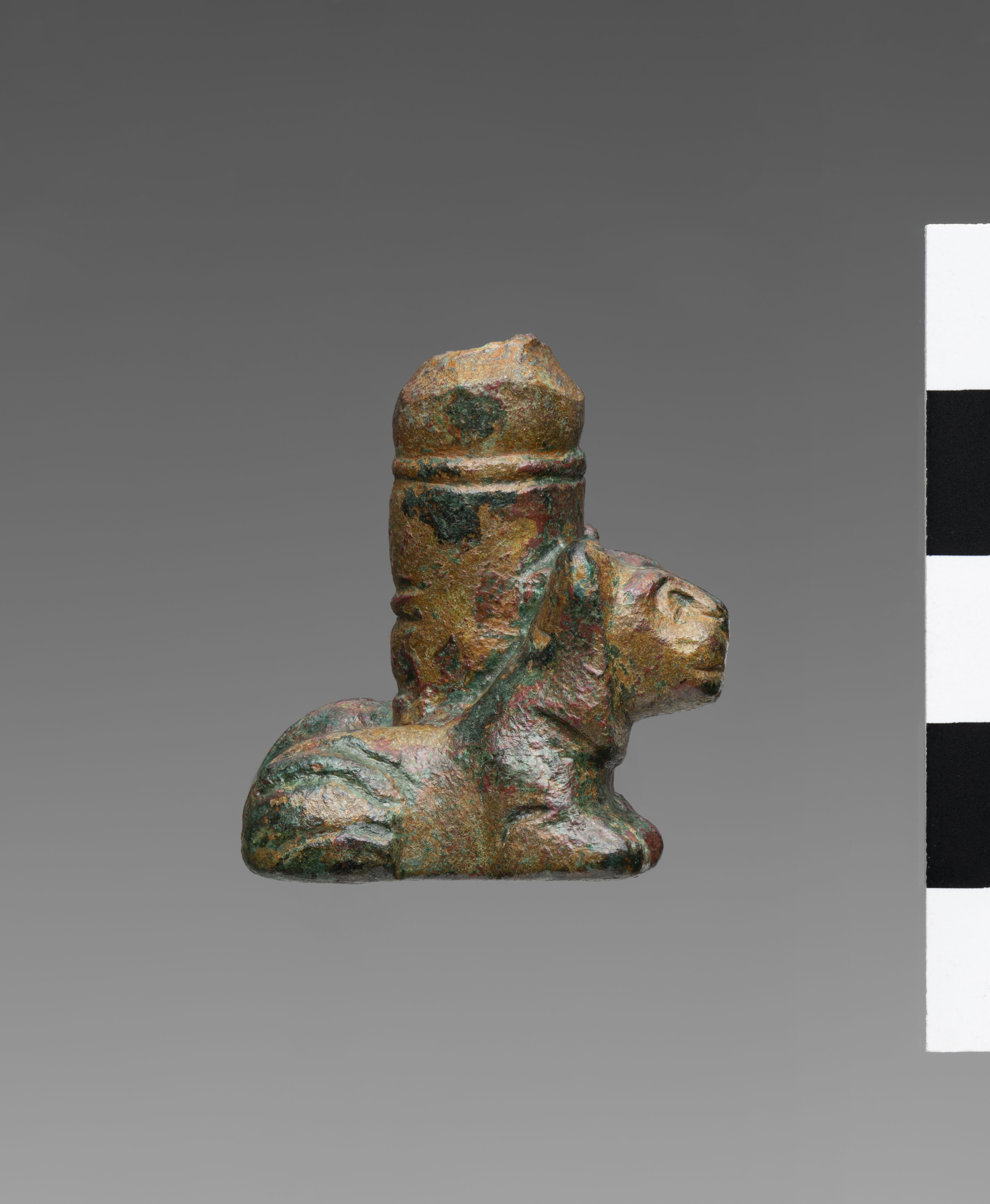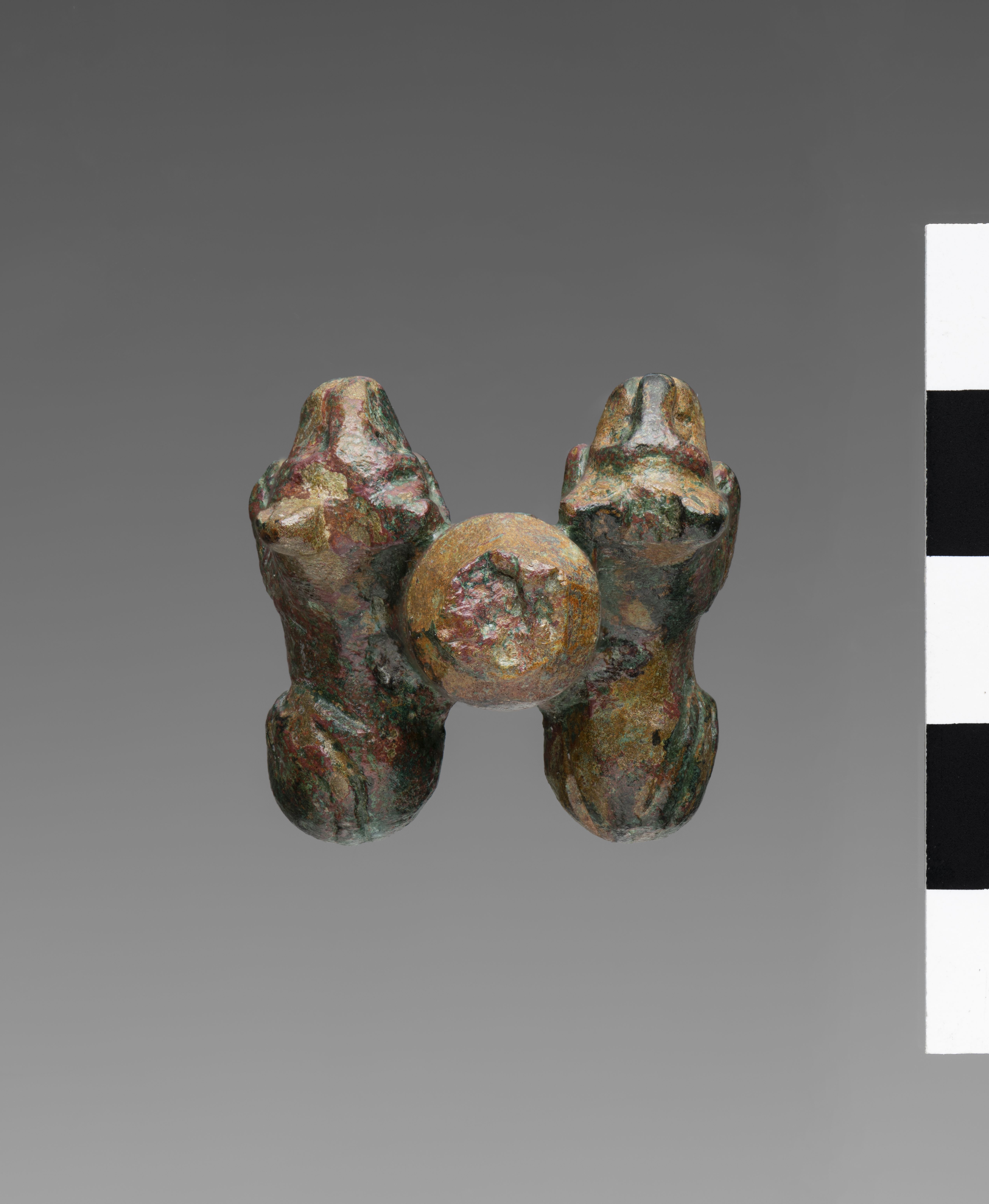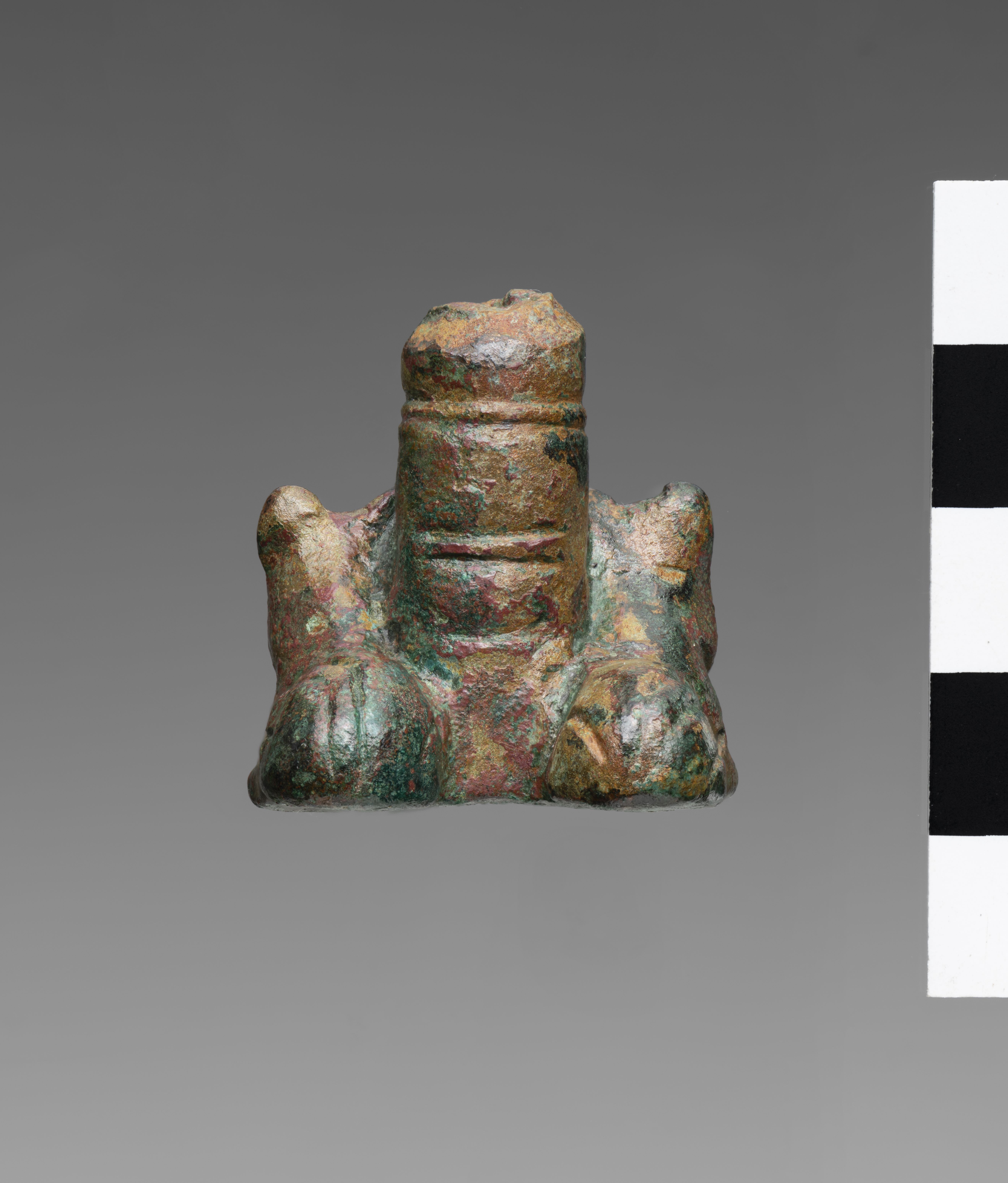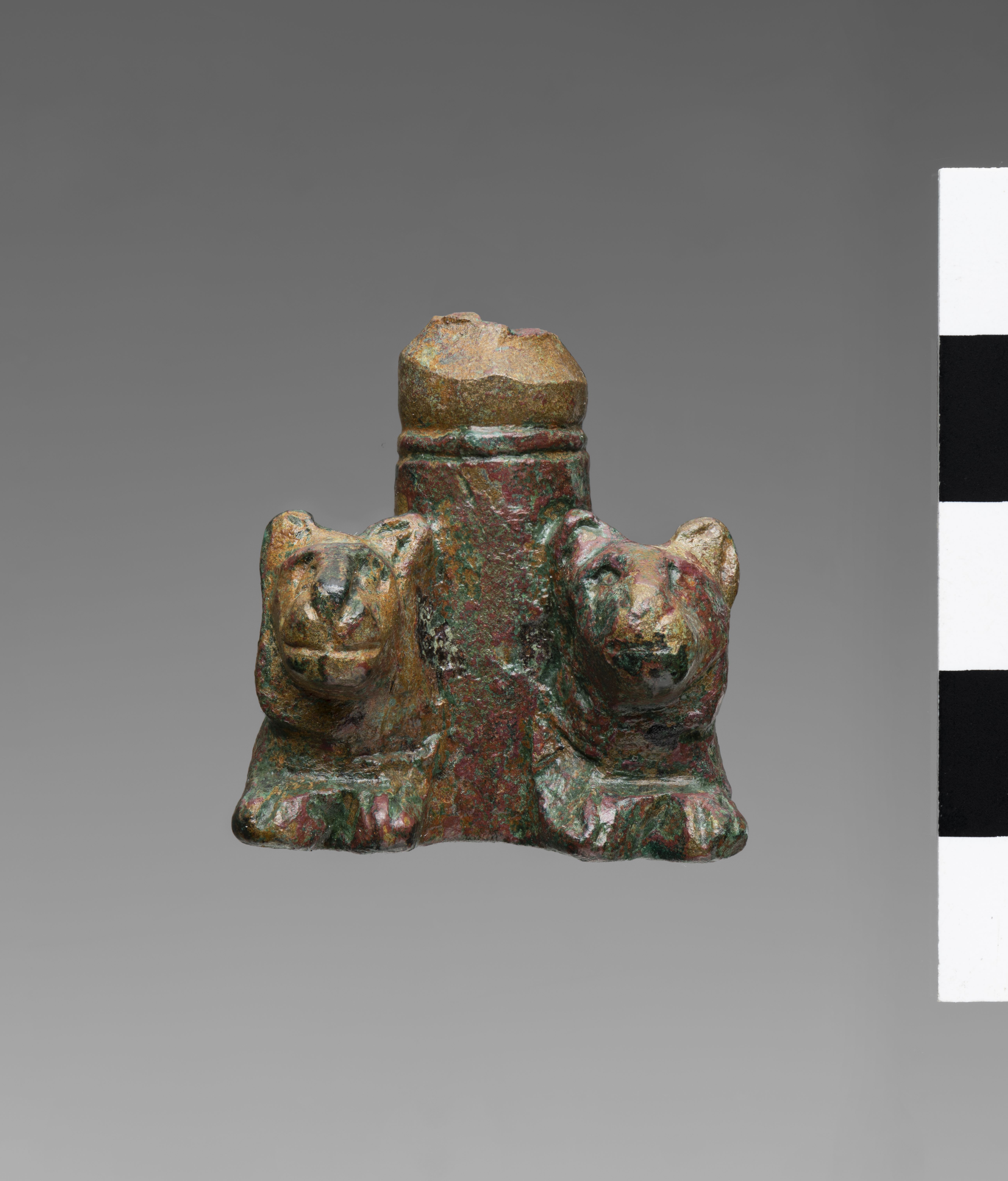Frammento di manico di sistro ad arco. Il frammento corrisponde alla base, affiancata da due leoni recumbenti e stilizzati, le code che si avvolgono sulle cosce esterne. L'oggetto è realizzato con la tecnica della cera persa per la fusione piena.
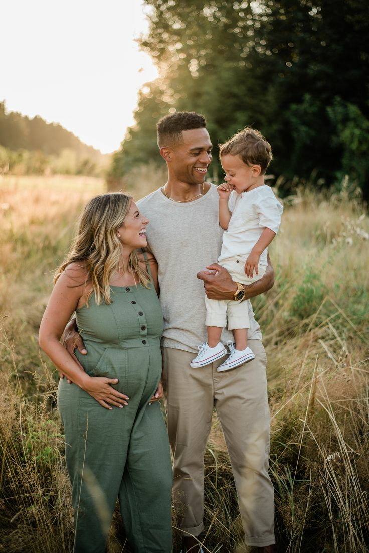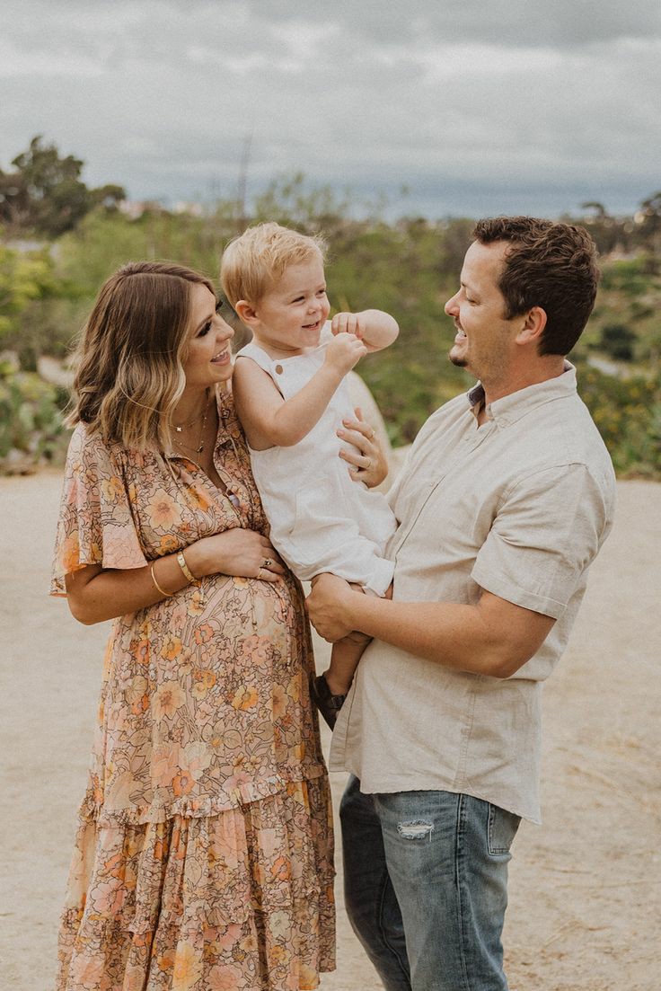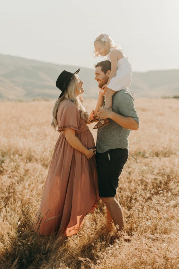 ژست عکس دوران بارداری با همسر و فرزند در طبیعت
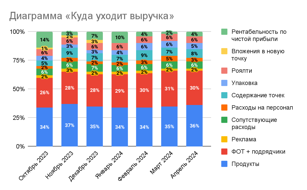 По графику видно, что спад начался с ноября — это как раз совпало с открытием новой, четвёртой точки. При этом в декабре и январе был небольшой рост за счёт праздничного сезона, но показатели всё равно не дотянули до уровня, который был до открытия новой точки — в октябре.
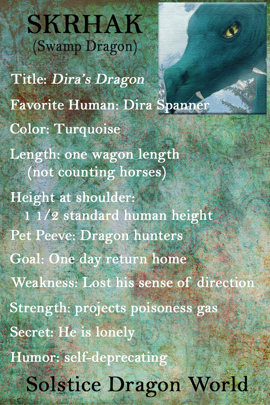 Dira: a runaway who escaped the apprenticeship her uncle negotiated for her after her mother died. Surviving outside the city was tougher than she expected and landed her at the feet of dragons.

BRIEF:
Taking the material above, give again exactly the lines from the one holding "ژست عکس دوران" through the one holding "По графику видно, что", with both ends and without pictures.

WRITTEN ANSWER:
 ژست عکس دوران بارداری با همسر و فرزند در طبیعت
 По графику видно, что спад начался с ноября — это как раз совпало с открытием новой, четвёртой точки. При этом в декабре и январе был небольшой рост за счёт праздничного сезона, но показатели всё равно не дотянули до уровня, который был до открытия новой точки — в октябре.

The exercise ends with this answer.